Love Toni Morrison!
Love Toni Morrison!
Take a very common thing from your kitchen and write a poem about it.
It will most likely become a poem about something else.
I think I’m going to try a spoon. (There’s actually a pretty famous poem about a spoon – by Billy Collins)
If someone says they read your work, it does not matter whether you believe them or not or whether they did or not – Don’t test them!
I work with an American Pen Award winner – he is the epitome of modest and professional. I ran into him and said, “loved the book.” He said thank you. And that is all we should say!
I had one writer begin asking me questions about their work. I felt they didn’t believe I’d read their work, so they wanted to test me.
Maybe it was they just wanted to ask my opinion or probe my analysis of certain aspects of their work. But, see, I read for pleasure.I’m unprepared to answer questions other than what I enjoyed about the novel.
There are times I’ve read to analyze someone’s work because I wanted to learn something from or when they’ve asked me too because they want my opinion on one or more aspects of their work.
So – when a writer asks some in depth question about some random detail on page 145 – I’m really sort of stopped short.
I read nightly. If I read their book or story last week, I’ve probably read another book and 50 student essays since. If I read it last month, we’re talking at least two books, possibly three, and over 124 student essays and 300 short literature responses from students.
Last, but not least, it’s just plain rude. When someone has told me they’ve read my story, I say thank you. If they want to ask me questions or say more, I’m willing to listen. But I leave it to the reader.
There’s a number of small presses and publishers looking for younger poets and writers. It’s always disappointing to me, infused with experience and wisdom, to see an age limit on a submission form of a literary journal or publisher.
I know that America, and much of the world these days, has no respect for age; however, there was once this school of thought that there was some value in life experience.
Publishers want to discover the bright new star or hang on to someone who has a long and bright future ahead of them.

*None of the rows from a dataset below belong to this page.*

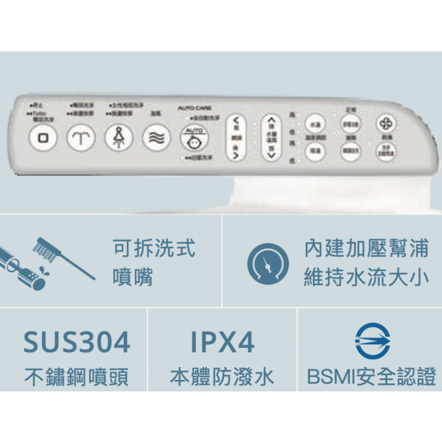 TAF200L(加長型) 牌價:$29,000 產品規格 / 功能 尺寸 : W48.7 xD54.5 xH15.4 cm(便座內徑:20.4 x30.1 cm) 電壓 : 110V 備註 : 適用水壓:0.75-7.5kgf/cm² ; 加熱方式 : 儲熱式
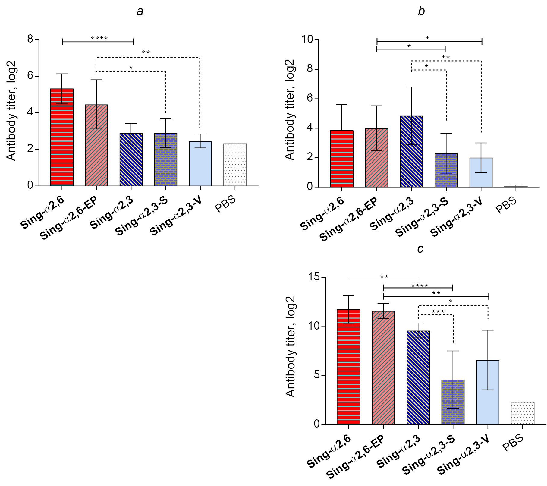 Immunization of CBA mice with the original Sing-α2.6 and Sing-α2,3 strains and MDCK-adapted variants induced higher levels of homologous serum antibodies to Sing-α2.6 and Sing-α2.6-EP viruses compared with viruses with affinity for α2.3 receptors (Fig. 2, a, b). At the same time, cell-adapted Sing-α2,3-S and Sing-α2,3-V variants induced significantly lower levels of homologous serum IgG antibodies compared with the original Sing-α2,3 variant (Fig. 2, b). Examination of the local humoral immune response showed significant increases in secretory IgA antibodies in all 5 viruses tested: Sing-α2,6, Sing-α2,6-EP, Sing-α2,3, Sing-α2,3-S and Sing-α2,3-V (Fig. 2, c). Comparison of IgA antibody levels in the original Sing-α2,6 and Sing-α2,3 virus groups showed no differences (p = 0.3355), which is in contrast to the data on the systemic humoral response. Nevertheless, a comparative analysis of the levels of secretory IgA antibodies between groups of animals infected with MDCK-adapted variants of Sing-α2,6-EP, Sing-α2,3-S, and Sing-α2,3-V, as well as in the systemic response, revealed the superiority of Sing-α2,6-EP virus. Summarizing the data on the induction of systemic and local immune response by the studied viruses, we can conclude that all the viruses induce humoral response, but the MDCK-adapted variants with α2,3 receptor specificity (Sing-α2,3-S and Sing-α2,3-V) were the least immunogenic at the level of both systemic and local humoral immunity. On the contrary, Sing-α2,6, Sing-α2,6-EP viruses with α2,6 receptor specificity did not differ in immunogenicity in any of the tests.
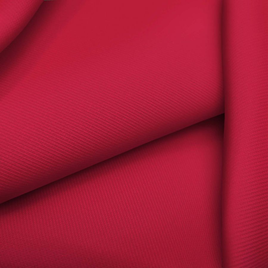 La tela base es una sarga de composición 96% poliéster y 4% elastano de gramaje 220 gr/m2 y ancho de 150 cm, de nombre Sarga - Prada. El color liso impreso es de tonalidad rojo-burdeos, con un contenido CMYK de 16, 98, 71, 6. Este color, por su tonalidad, simboliza la pasión y la elegancia, combinando a la perfección con colores neutros como el blanco y el negro, y con tonalidades de la misma gama cromática.
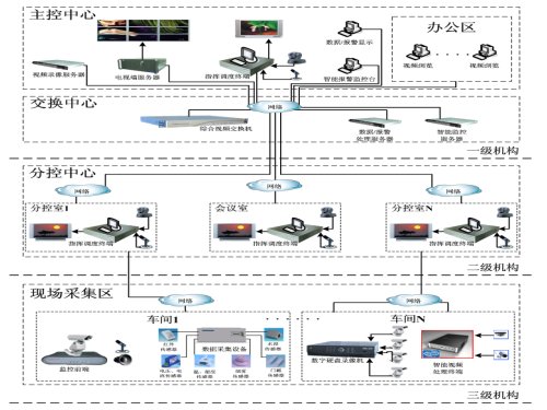 圖 4是一個(gè)典型的電力企業(yè)綜合視頻指揮調(diào)度系統(tǒng)網(wǎng)絡(luò)拓?fù)鋱D,在地理上可分一級(jí)機(jī)構(gòu)(主控中心操作顯示區(qū)、信息控制交換處理區(qū))、二級(jí)機(jī)構(gòu)(分控中心操作區(qū))、三級(jí)機(jī)構(gòu)(現(xiàn)場(chǎng)音視頻、數(shù)據(jù)、智能監(jiān)控點(diǎn)采集區(qū))。
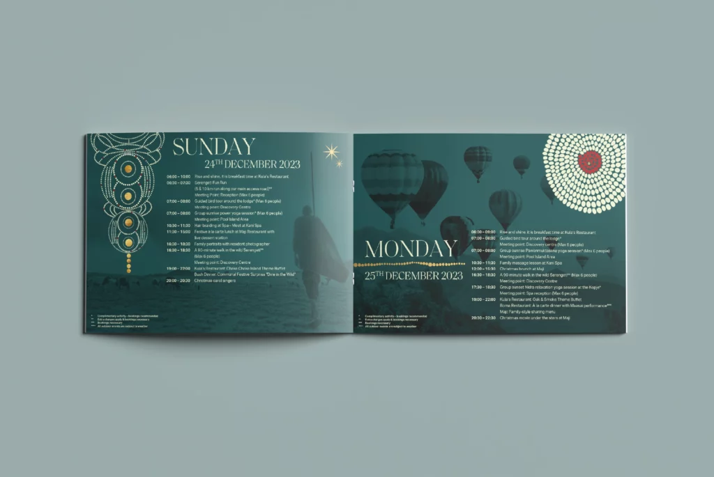The layout balances a practical daily schedule with rich visual storytelling, using atmospheric photography and custom illustrations to guide the reader through each experience. From sunrise safaris to evening family events, the content is organised in a clear, engaging flow that makes planning effortless for guests while evoking a sense of adventure and luxury. Every design element, from typography to ornamentation, was curated to reflect both the exclusivity of the Four Seasons brand and the authenticity of the Serengeti setting.
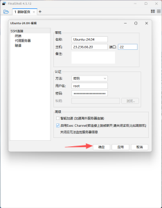 名称随便取一个,主机输入公网ip,端口22不用改(有些vps端口不是),用户名root,密码就是你服务器提供的密码,接着双击创建好的链接,点击接受并保存,就链接成功了。

Instead of what, I assume, they mistakenly believe will be a one hit wonder leading to a quick and timely death.
That is why age matters to them.
HOWEVER – age does not matter. Many great poets and writers were “discovered” well after their 29th birthday: Toni Morrison, J.K. Rowling, Janet Fitch, Billy Collins, among many, many more!
You are not too old to learn the craft, you’re not too old to start writing, you’re not too old to submit, you’re not too old to publish.
When vexed by the youth, I remember that I can read a mapbook, I can light a fire, I know how to address a letter for post. If all technology were lost, I’d be able to survive.
Writer’s block is the writer’s arch enemy.
And though it can be solved, one of the problems is that it takes faith to believe it can be overcome and it does take work.
Someone, recently, asked me how to get over a block and I gave him the following advice. He responded, “that’s too hard!”
If you want to get through a block – you have to push. If you are not willing to do the work, then why are you here?
One way – and it is just one idea – to get through writer’s block is to write your way out of it.
Use a separate document, handwrite it, get out of the story you’re working on and write somewhere else – but write, and keep writing – it might take you ten pages to get to where you need to be, and you might get two or three good pages out of that – but guess what, you will have written yourself out of the block.
Ten pages not enough? Still feeling blocked? Keep writing!
Think of it this way – something is in your way. If you were driving somewhere and the road was blocked, would you turn around and go home, go back to bed, and give up? Or would you use mapquest to find a different way to get there.
Something is in your writing way, get off that street (document), look at mapquest (other ideas, roads, methods, ways), and get moving.
To some people it is.
I have a friend who picks and chooses where he wants to be published so carefully that he submits maybe once or twice a year at most. He hasn’t been published in maybe 6 or 8 years.
He’s an extremely good writer. Better than I.
He says, he wants to only be published where his name will be seen, where it will matter.
I took this to mean he didn’t approve of my many publications with small presses, some of which no one has ever heard.
What do you value and why? Ask yourself.
Billy Collins, btw, began publishing in what he refers to as fly by night or small presses of which no one ever heard.